The multinomial regression modelling approach identified a single combination of biomarkers for the risk assessment of PCa and high-grade PCa. However, two different sets were selected to estimate the risk of PCa and high-grade PCa in the logistic regression approach. The use of logistic regression helps to access the partial effect of the biomarkers on either detecting PCa or high-grade PCa, while the use of multinomial regression reduces the standard errors36. Both of these methods are employed in previous studies, including, the European risk calculator (ERSPC-RC9) used the logistic regression approach, and two American risk calculators (PCPT-RC10 and PBCG-RC11) are developed using the multinomial regression.

The use of a logarithm transformation for some biomarkers in the model (e.g. IL-1β) represents a nonlinear effect of the biomarker on the risk, which indicates that a small change in the biomarker is critical. In contrast, the linear effect of some biomarkers in the model (e.g. E-selectin) represents that a change in any value of the biomarker has the same importance. The use of both linear and logarithm effects of the biomarkers in the model (e.g. IL-1α) indicates that, although any change in the biomarker is important, a small change in the values of the biomarkers are more critical.

A limitation of the study is not having PSA density as a variable which is part of the ERSPC-PC8. We did not have access to the prostate volume data for this study at the time of patient recruitment as the Irish health care setting did not facilitate the collection of prostate volume until the TRUS biopsy was carried out.

Conclusion

Our study has demonstrated that as both models are well calibrated and utilise variables that are available from the patient (Age, Family history, DRE and Previous Biopsy) and assessed from their blood sample they are appropriate for individualized risk assessment.

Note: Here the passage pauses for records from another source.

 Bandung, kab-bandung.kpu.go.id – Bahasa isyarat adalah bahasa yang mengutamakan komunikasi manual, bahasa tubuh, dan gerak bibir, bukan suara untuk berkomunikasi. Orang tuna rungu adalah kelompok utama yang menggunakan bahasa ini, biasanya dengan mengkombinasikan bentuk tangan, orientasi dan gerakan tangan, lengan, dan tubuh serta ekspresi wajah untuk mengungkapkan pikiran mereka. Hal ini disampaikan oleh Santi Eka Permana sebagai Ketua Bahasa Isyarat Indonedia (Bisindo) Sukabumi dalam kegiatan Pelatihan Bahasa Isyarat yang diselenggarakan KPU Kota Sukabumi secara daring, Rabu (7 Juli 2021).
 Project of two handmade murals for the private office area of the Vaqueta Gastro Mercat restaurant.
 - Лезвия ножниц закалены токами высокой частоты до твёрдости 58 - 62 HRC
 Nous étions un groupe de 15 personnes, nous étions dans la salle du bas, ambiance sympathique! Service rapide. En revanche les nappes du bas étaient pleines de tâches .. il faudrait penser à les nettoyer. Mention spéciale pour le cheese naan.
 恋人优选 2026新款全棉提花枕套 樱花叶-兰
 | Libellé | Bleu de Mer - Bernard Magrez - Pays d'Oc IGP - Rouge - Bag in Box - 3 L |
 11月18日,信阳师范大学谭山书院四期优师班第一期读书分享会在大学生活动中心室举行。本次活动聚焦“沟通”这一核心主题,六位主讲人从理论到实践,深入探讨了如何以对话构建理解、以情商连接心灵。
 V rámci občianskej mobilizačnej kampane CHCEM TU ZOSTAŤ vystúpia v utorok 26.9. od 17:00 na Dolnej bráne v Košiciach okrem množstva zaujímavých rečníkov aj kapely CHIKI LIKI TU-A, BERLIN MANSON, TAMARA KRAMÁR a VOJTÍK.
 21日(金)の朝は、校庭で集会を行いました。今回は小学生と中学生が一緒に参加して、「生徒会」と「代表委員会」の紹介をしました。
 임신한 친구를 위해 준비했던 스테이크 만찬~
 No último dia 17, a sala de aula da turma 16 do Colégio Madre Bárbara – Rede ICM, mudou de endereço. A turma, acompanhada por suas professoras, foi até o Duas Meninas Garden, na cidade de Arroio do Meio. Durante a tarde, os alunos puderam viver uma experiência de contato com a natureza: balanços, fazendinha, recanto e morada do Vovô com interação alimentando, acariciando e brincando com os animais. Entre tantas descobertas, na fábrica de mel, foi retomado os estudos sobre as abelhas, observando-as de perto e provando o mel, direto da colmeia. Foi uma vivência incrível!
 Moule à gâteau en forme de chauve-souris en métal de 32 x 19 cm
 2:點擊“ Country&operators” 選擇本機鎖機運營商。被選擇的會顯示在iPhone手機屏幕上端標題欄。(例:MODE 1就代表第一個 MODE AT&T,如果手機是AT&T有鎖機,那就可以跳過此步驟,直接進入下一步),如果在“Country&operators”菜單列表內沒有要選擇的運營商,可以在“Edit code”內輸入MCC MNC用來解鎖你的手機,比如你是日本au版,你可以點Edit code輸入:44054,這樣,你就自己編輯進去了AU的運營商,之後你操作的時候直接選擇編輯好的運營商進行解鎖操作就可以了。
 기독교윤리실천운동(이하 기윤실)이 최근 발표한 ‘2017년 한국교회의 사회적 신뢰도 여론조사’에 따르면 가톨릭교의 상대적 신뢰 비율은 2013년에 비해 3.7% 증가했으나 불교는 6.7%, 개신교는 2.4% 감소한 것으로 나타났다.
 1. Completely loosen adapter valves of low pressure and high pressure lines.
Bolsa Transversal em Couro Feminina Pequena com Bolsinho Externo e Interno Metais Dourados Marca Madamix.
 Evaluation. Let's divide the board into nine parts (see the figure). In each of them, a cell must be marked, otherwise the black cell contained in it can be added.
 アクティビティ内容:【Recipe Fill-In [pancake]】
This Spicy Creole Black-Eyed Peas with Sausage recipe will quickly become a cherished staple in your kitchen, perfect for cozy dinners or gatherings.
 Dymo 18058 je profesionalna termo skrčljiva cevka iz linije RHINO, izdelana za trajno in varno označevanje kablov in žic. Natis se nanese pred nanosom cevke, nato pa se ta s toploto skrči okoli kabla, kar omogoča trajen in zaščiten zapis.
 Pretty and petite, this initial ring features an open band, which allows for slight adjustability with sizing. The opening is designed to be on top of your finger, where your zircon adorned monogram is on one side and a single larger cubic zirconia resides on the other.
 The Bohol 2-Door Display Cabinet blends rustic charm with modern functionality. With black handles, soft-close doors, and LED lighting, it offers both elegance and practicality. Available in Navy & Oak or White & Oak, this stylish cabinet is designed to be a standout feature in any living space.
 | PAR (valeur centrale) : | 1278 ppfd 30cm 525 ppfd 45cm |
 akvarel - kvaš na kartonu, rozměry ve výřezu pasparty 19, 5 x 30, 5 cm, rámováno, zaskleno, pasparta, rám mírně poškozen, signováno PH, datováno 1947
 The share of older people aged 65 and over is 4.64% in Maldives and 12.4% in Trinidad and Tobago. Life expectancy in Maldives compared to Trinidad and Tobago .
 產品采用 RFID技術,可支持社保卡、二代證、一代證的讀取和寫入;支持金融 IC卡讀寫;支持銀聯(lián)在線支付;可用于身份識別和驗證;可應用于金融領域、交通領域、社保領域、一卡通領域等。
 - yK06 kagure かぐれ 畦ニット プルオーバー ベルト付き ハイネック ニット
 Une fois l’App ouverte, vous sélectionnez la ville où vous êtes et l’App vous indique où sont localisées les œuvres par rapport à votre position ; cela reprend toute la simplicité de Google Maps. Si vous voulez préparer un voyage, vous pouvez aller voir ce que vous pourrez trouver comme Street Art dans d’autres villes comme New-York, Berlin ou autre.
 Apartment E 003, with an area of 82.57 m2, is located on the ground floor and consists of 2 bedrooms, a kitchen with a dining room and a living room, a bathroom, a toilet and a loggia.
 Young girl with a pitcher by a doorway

Both models show a statistically significant improvement above the IPRC justifying the addition of the serum biomarkers and their clinical use. Selecting the best model requires additional validation cohorts which would be used to independently validate and identify the best model and select the appropriate thresholds which are clinically accepted and maximize their discrimination and clinical benefit.